A few years later I was fishing in the gulf, from St. George island in florida. I was after seatrout, had a shrimp below a cork and was just busting the ladies. During a lull in the bite I was following a Peregrine as it swooped through the sky, looked down and found my float was gone. I set the hook, fought the fish for a few seconds and suddenly...I'm sure you know... That goosehawk dropped into a nosedive and snagged my lady. Now I'm playing tug o war with a bird. after a few seconds of screaming and pulling, the falcon released its grip and I reeled in a stunned ladyfish. It had talon marks in its back, and if you thought they had large eyes to start with, this one had pupils so dial lated you thought it had been hanging with Timothy Leary. 

Anyway, to make two long stories short, they taste like S#$% but have every right to share in the great lore that is fishing.

I love them ladies
TD


----------



## NC-Norm-WB (Jul 25, 2008)

I caught a lady lastnight in wb and it was a whopper. About 5 lbs/30'' plus. It was my first time with a lady....what a fight!!!


----------



## TreednNC (Jul 1, 2005)

Caught one in a castnet in the hook at Hatteras 2 years ago


----------



## Mark Law (Sep 17, 2006)

*Lady fish in the Gulf*

Hey yall,
I'm goin down to panama city beach next month, I hear that they have lots of Lady Fish there. They sound like alot of fun to catch, prob cause they are related to Tarpon  . Do any of yall know what they will hit down there? I'll be using the spinning rod and reel, and my fly rod. Thanks for the advice in advance. Great fishin to all! 
Mark <::><


----------



## Rastabluegrass37 (Mar 21, 2007)

*Flies*

If you are using flies for gulf ladies, definately a shrimp imitation and of course a yellow and white clouser. For live bait, I have had tremendous success with pilchards live-lined near a bridge or off a pier. 
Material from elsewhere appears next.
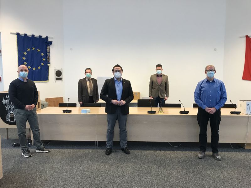 Der Landrat des Märkischen Kreises, Marco Voge, besuchte jetzt erstmals das Mendener Rathaus. Neben dem Bürgermeister der Stadt Menden (Sauerland), Dr. Roland Schröder, nahmen auch der erste Beigeordnete Sebastian Arlt, Stadtkämmerer Uwe Siemonsmeier sowie der leitende städt. Verwaltungsdirektor Frank Wagenbach an dem Treffen teil. Unter strengen Corona-Maßnahmen erfolgte ein kollegialer Austausch. Voge und Schröder freuen sich auf „die künftige gute Zusammenarbeit“.
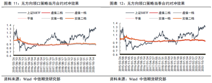 无方向性领口策略对冲效果稳定,类似股指期货对冲。在构建领口策略时,如果选择的认购期权行权价格与认沽期权行权价相同,此时相当于利用认购和认沽期权合成了现货的空头,因此该种策略没有留方向性敞口,这里我们称作无方向性领口策略。该种对冲方式类似于股指期货空头。从回测结果来看,无方向性敞口策略具有非常好的对冲效果,整体的对冲效果类似股指期货对冲,因此两者具有一定的替代性。

I tell ya, catching ladies all day long satisfies me just fine, especially if you get into the 4-5 pound fish which will give you a workout and quite a show of acrobatics as well.


----------



## Ryan Y (Dec 1, 2005)

*Mark...*



Mark Law said:


> Hey yall,
> I'm goin down to panama city beach next month, I hear that they have lots of Lady Fish there. They sound like alot of fun to catch, prob cause they are related to Tarpon  . Do any of yall know what they will hit down there? I'll be using the spinning rod and reel, and my fly rod. Thanks for the advice in advance. Great fishin to all!
> Mark <::><


Post this question with a link to this thread over in the florida board. They should be able to help you there.


----------